On March 11, several Brandeis student activists were arrested for an act of civil disobedience. As part of a group that included students, members of the Massachusetts Methodist clergy, mothers fighting for their children, and concerned community members, 100 people marched into the Westborough, MA office of TransCanada Corporation and, in protest of the Keystone XL Pipeline, held a “funeral” for the loss of their future.

The students were arraigned and released two days later.

“The pipeline will transport the tar sands that climate scientists say will lock us into irreversible global warming,” said Matt Gabrenya ’13, one of the student protesters.

Carrying a coffin with the words “Our Future” written on it, the protesters held flowers and sang an elegy as they marched in procession.

The protest came a week after the U.S. State Department released a widely criticized Draft Environmental Impact Statement for Keystone XL. According to a blog post about the protest, on a website titled “Funeral For Our Future,” the document “minimizes claims about the pipeline’s impact on climate change and on communities who would be at risk for devastating pipeline spills like the 2010 Kalamazoo spill, from which the affected communities are still recovering.”

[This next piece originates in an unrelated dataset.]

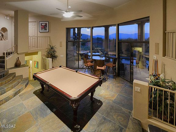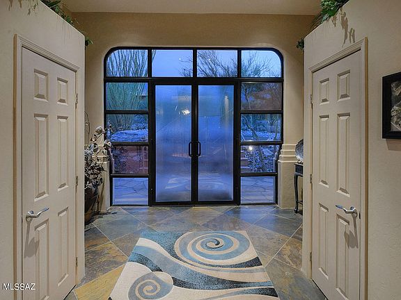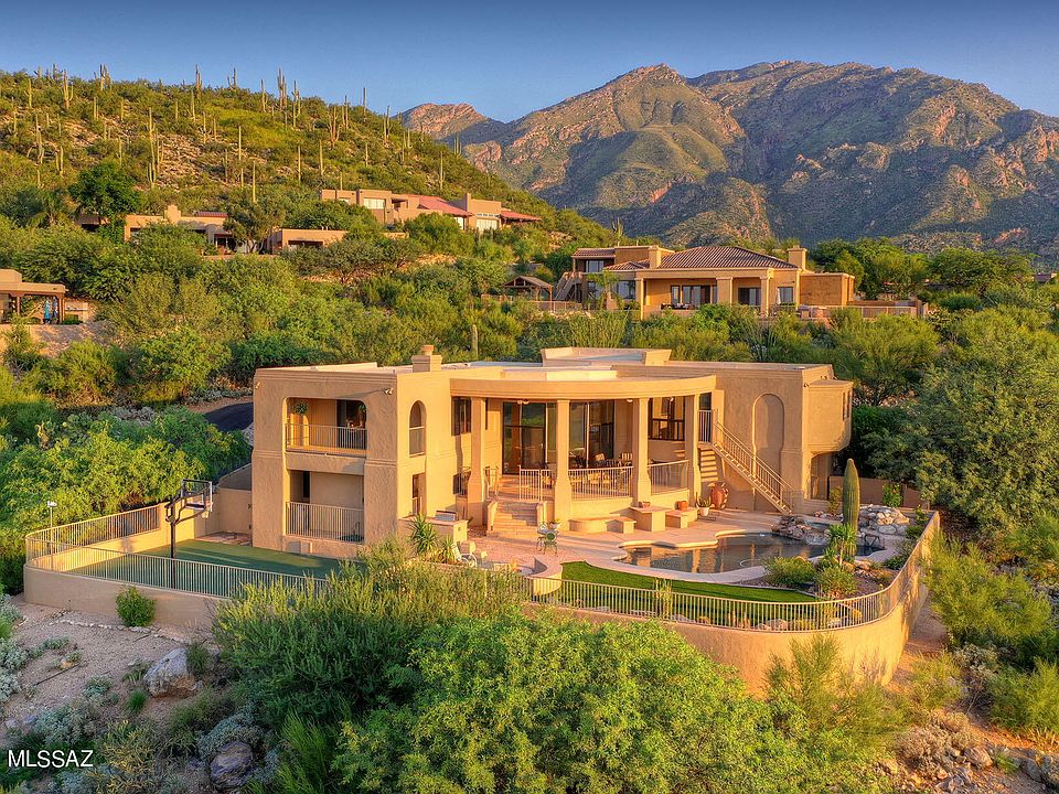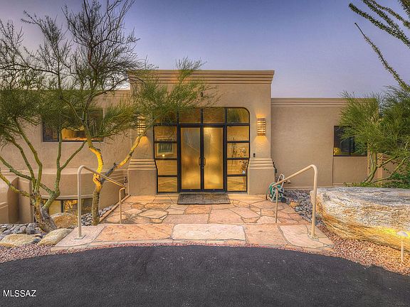 * Sellers will accept or counter offers from $997,500 to $1,050,000. This spectacular 3,493 sq. ft. contemporary-style home is nestled high on a hill in popular Alta Vista Estates and offers sweeping city, mountain, sunrise and sunset views! Located on a .91 acre-lot in the Catalina Foothills, this 5 bedroom, 3 1/2 bath residence has been stunningly remodeled by Lori Carroll. Highlights include a grand foyer with etched-glass double doors, an open flowing floor plan, and a dramatic great room with slate flooring, a soaring ceiling and walls of windows with ''see all the way to Mexico'' views. The spacious family room features an expansive picture window, a fireplace, extensive built-ins including stereo equipment with surround sound, and access to a covered balcony with views.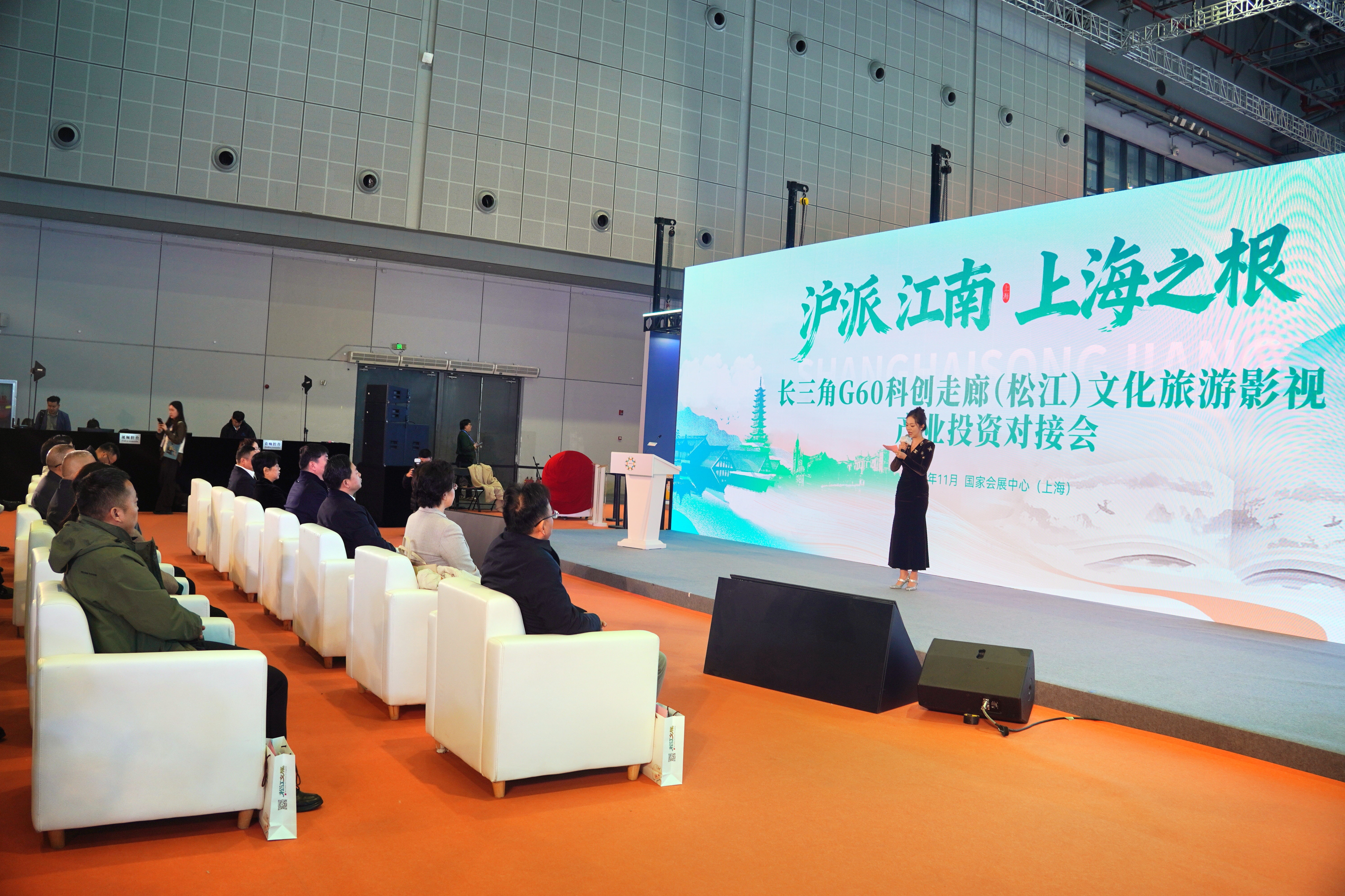 11月21日,第六届长三角国际文化产业博览会——“沪派江南·上海之根”长三角G60科创走廊(松江)文化旅游影视产业投资对接会在上海国家会展中心举行。来自G60科创走廊九城市的文旅部门、重点企业、金融机构及媒体代表齐聚一堂,共商融合发展新机遇,共绘区域协同新蓝图。区委常委、宣传部部长顾建斌,副区长叶文娣出席活动。

The blog post states, “The impact assessment also makes the assumption that the Alberta tar sands will be developed regardless of whether Keystone XL goes forward—an assumption that we stand with indigenous communities, whose treaties the Canadian government is violating by allowing development of the tar sands, in rejecting.”

“We did not act in isolation on this day, but as part of an escalating global movement to fight for a stable future, a livable planet, and for justice for affected frontline communities,” Gabrenya wrote.

In January, eight students had locked and glued themselves together in an act of civil disobedience at the TransCanada office. Nationwide, the pipeline has already prompted civil disobedience outside the White House, direct blockades of construction from Texas to Oklahoma, and the largest climate rally in US history. Indigenous communities, as part of the Idle No More movement, have been resisting tar sands extraction in Alberta, Canada.

This protest also kicked off a week of actions for solidarity with other protesters of the Tar Sands Blockade, this week from March 16-24. Protesters from across the country will target the offices of TransCanada and its investors.

“If the tar sands are extracted and burned, it will wipe out my future and the future of my entire generation,” said Will Pearl, a first-year student from Tufts University who was arrested. “If President Obama will not reject the Keystone XL pipeline, we will stop it ourselves. We will rise up and resist—from the backwoods of Texas, to corporate offices in Massachusetts, to the steps of the White House.”